Dataset records →
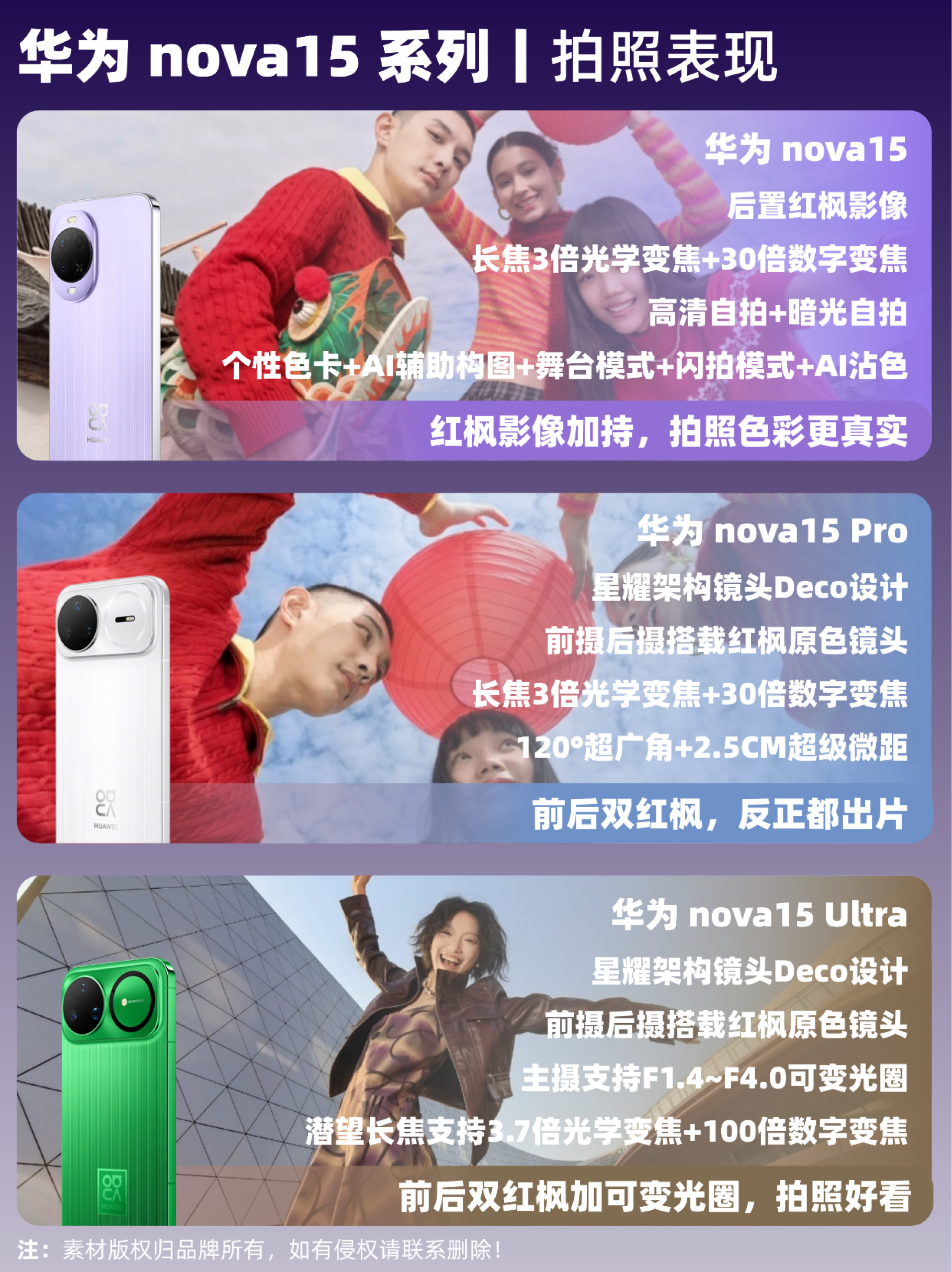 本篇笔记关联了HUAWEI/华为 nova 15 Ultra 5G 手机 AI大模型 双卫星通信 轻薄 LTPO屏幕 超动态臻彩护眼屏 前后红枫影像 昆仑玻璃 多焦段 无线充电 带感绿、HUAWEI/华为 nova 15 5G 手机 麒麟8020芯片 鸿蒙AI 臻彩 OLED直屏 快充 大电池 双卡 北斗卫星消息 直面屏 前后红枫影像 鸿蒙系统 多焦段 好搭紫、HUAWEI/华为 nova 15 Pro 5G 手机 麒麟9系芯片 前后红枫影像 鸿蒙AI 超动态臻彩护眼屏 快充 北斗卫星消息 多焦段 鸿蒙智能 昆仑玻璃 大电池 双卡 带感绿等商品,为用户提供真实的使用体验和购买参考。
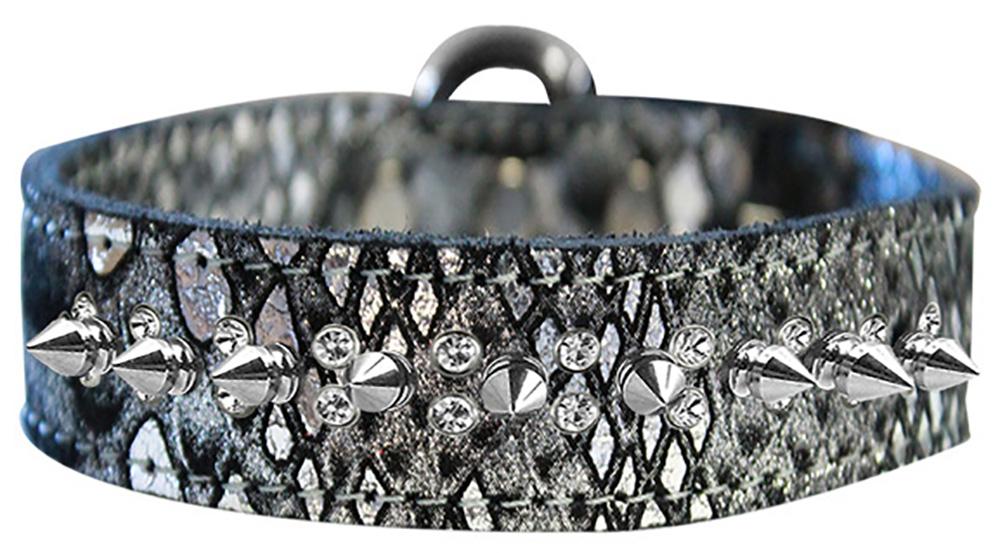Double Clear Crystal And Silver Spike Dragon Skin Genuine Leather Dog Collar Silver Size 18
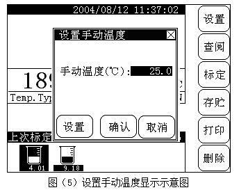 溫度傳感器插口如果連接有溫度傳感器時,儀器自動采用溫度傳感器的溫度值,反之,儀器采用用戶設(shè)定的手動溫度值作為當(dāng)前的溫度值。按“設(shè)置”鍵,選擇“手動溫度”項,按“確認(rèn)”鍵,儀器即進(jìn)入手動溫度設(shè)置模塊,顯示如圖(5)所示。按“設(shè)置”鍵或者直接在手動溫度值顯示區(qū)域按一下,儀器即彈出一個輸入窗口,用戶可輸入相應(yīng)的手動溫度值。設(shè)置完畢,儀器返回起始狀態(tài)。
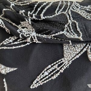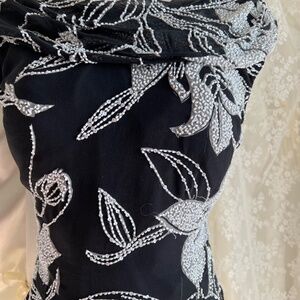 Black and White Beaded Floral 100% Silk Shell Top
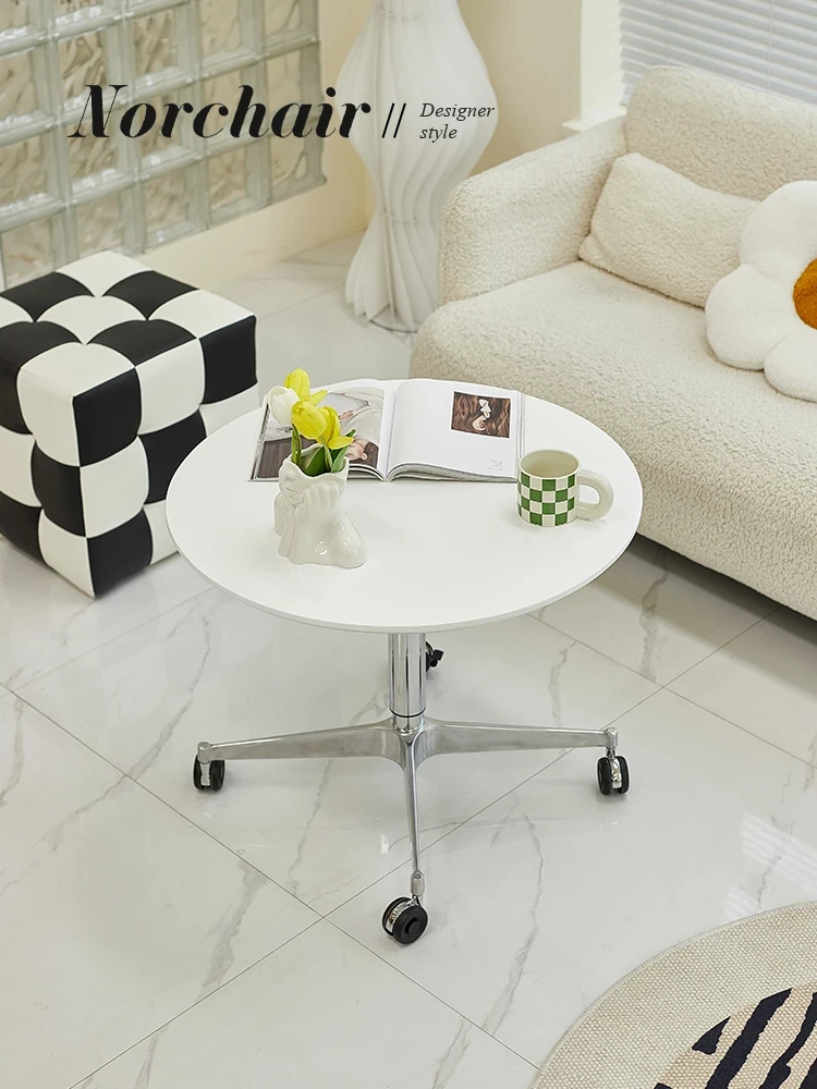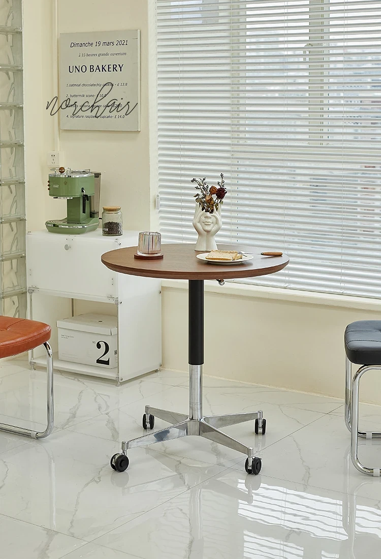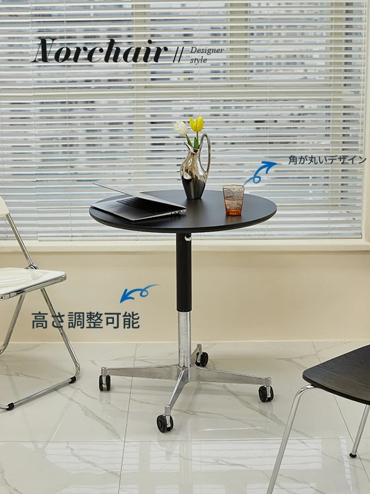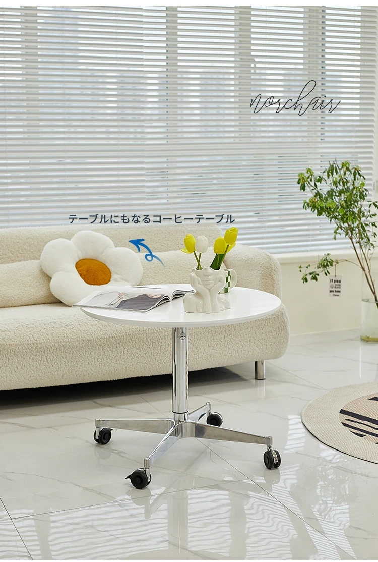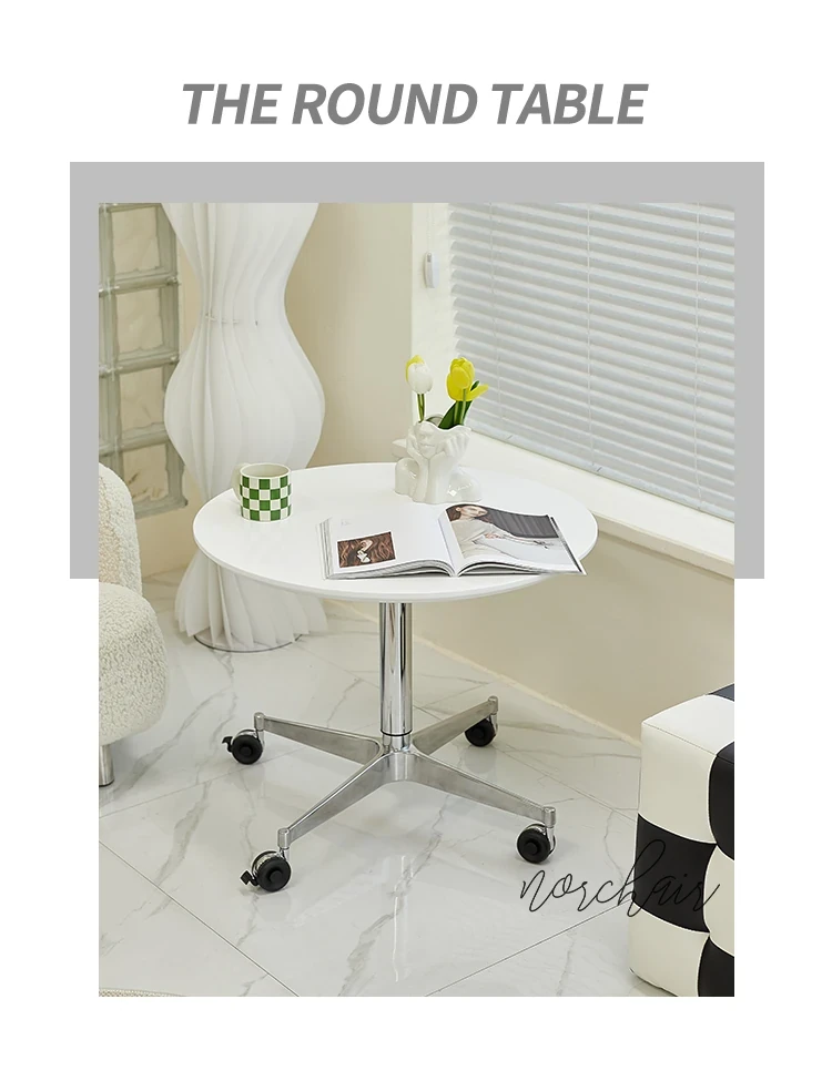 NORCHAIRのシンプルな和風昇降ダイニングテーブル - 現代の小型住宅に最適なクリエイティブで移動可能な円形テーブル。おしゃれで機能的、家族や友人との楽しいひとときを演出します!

WHAT THE TASK ASKS → Leave out the images and copy all remaining data word for word.

COMPLETED EXERCISE →
 本篇笔记关联了HUAWEI/华为 nova 15 Ultra 5G 手机 AI大模型 双卫星通信 轻薄 LTPO屏幕 超动态臻彩护眼屏 前后红枫影像 昆仑玻璃 多焦段 无线充电 带感绿、HUAWEI/华为 nova 15 5G 手机 麒麟8020芯片 鸿蒙AI 臻彩 OLED直屏 快充 大电池 双卡 北斗卫星消息 直面屏 前后红枫影像 鸿蒙系统 多焦段 好搭紫、HUAWEI/华为 nova 15 Pro 5G 手机 麒麟9系芯片 前后红枫影像 鸿蒙AI 超动态臻彩护眼屏 快充 北斗卫星消息 多焦段 鸿蒙智能 昆仑玻璃 大电池 双卡 带感绿等商品,为用户提供真实的使用体验和购买参考。
Double Clear Crystal And Silver Spike Dragon Skin Genuine Leather Dog Collar Silver Size 18
 溫度傳感器插口如果連接有溫度傳感器時,儀器自動采用溫度傳感器的溫度值,反之,儀器采用用戶設(shè)定的手動溫度值作為當(dāng)前的溫度值。按“設(shè)置”鍵,選擇“手動溫度”項,按“確認(rèn)”鍵,儀器即進(jìn)入手動溫度設(shè)置模塊,顯示如圖(5)所示。按“設(shè)置”鍵或者直接在手動溫度值顯示區(qū)域按一下,儀器即彈出一個輸入窗口,用戶可輸入相應(yīng)的手動溫度值。設(shè)置完畢,儀器返回起始狀態(tài)。
 Black and White Beaded Floral 100% Silk Shell Top
 NORCHAIRのシンプルな和風昇降ダイニングテーブル - 現代の小型住宅に最適なクリエイティブで移動可能な円形テーブル。おしゃれで機能的、家族や友人との楽しいひとときを演出します!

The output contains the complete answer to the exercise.